Sekian penelitian ini mohon maaf bila banyak yang kurang, Terima kasih.

 

Daftar Pustaka

[1]       S. Lutfiwati, “Memahami Kecanduan Game Online Melalui Pendekatan Neurobiologi,” J. Sychology, vol. 1, no. 1, pp. 1–16, 2018.

[2]       E. Fitri, L. Erwinda, and I. Ifdil, “Konsep Adiksi Game Online dan Dampaknya terhadap Masalah Mental Emosional Remaja serta Peran Bimbingan dan Konseling,” J. Konseling dan Pendidik., vol. 6, no. 2, pp. 211–219, 2018, doi: 10.29210/127200.

[3]       M. A. Suplig, “Pengaruh Kecanduan Game Online Siswa SMA Kelas X Terhadap Kecerdasan Sosial Sekolah Kristen Swasta Di Makassar,” J. Jaffray, vol. 15, no. 2, p. 177, 2017, doi: 10.25278/jj71.v15i2.261.

[4]       K. Surbakti, “Pengaruh Game Online Terhadap Remaja,” J. Curere, vol. 01, no. 01, pp. 28–38, 2017, [Online]. Available: http://www.portaluniversitasquality.ac.id5388ojssystemindex.phpcurerearticleview2022.

[5]       A. Fauzi, “PENGARUH GAME ONLINE PUBG (Player Unknown’s Battle Ground) TERHADAP PRESTASI BELAJAR PESERTA DIDIK,” ScienceEdu, vol.
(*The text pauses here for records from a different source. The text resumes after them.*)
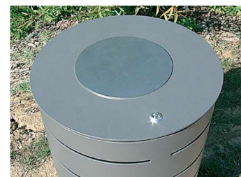
Option condamnation vigipirate
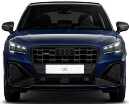
FESER x GRAF
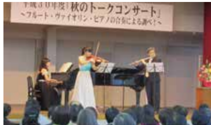
今年のコンサートの様子

定員 100人(先着順) 費用 300円 申込み 2月12日(水)から電話で受付
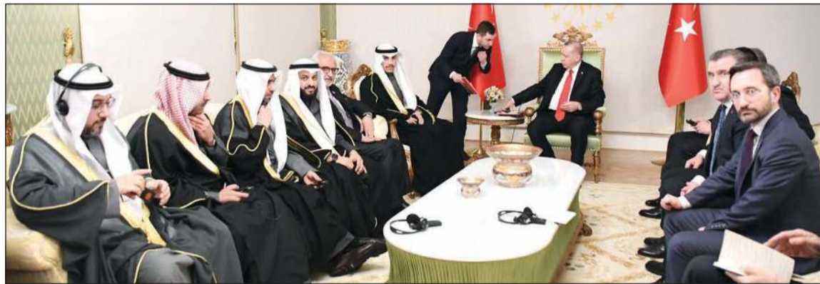
جانب من المباحثات الرسمية بين الجانبين
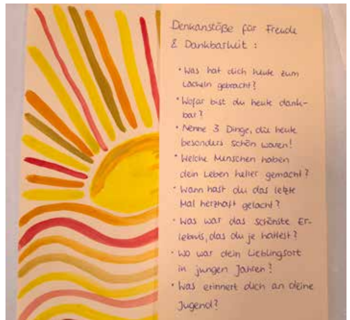
Die Denkanstöße für Freude
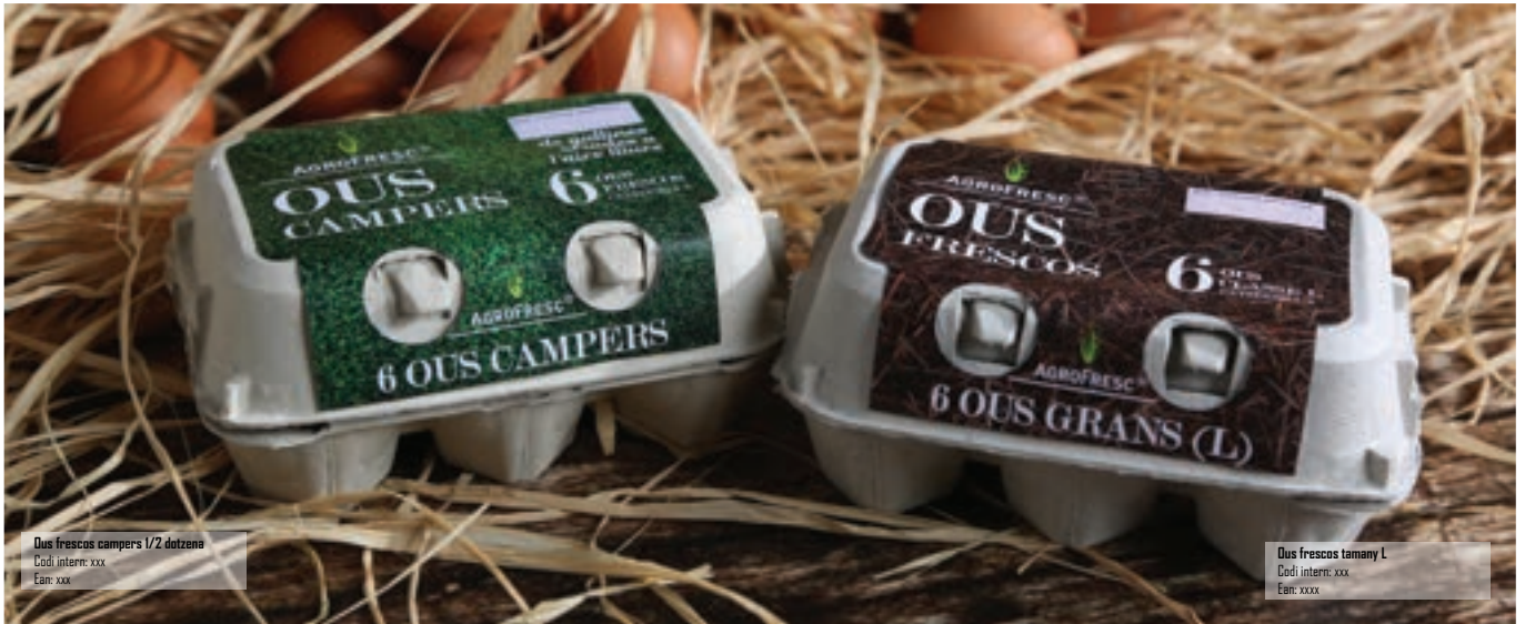
Ous frescos campers 1/2 dotzena Codi intern: xxx Ean: xxx
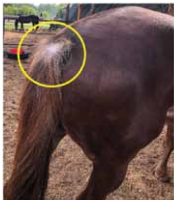
Рис. 1. Взъерошенность волосяного покрова и alopecии на репице хвоста лошади

Результаты исследований. С целью изучения распространения гельминтной инвазии проведены гельминтологические исследования у лошадей в коневодческих хозяйствах Тюменской области. Проводя осмотр животных, обращали внимание на их внешний вид, общее состояние, аппетит, волосяной покров, состояние хвоста, наличие респираторных и желудочно-кишечных расстройств в анамнезе. У некоторых животных был установлен повышенный аппетит, а упитанность при этом была ниже нормы. В области репицы хвоста наблюдались взъерошенность волосяного покрова, наличие alopecий (рис. 1). Проводя исследования соскобов с перианальных складок лошадей, были обнаружены яйца по строению идентифицированы как Oxyuris equi , ассиметричной формы, светло-серого цвета, имеющие на одном зауженном крае менее развитую оболочку, напоминающую крышечку. Интенсивность инвазии варьировалась от нескольких единиц до полусотни яиц на один грамм фекалий ИИ = 436,40 \pm 3,67 (рис. 2).
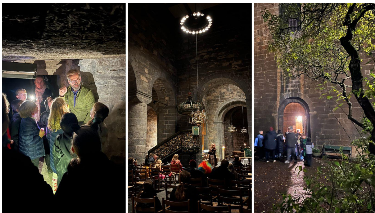
Bilder: Fra Halloweenfeiring i Gamle Aker kirke. Fortellerstund i krypten og helgenfortellinger i kirkerommet.

Det er også et spørsmål om vi får gjennomført Halloweenfeiringen i 2023 da Gamle Aker kirke er stengt også høsten 2023.

II, no. 1, p. 61, 2019, doi: 10.19184/se.v2i1.11793.

[6]       Drajat Edy Kurniawan, “Pengaruh Intensitas Bermain Game Online Terhadap Perilaku Prokrastinasi Akademik Pada Mahasiswa Bimbingan Dan Konseling Universitas PGRI Yogyakarta,” J. Koseling Gusjigang, vol. 3, no. 1, pp. 97–103, 2017, [Online]. Available: http://jurnal.umk.ac.id/index.php/gusjigang/article/download/1120/1071.

[7]       K. Ulfi, “Hubungan antara intensitas bermain game online,” 2013.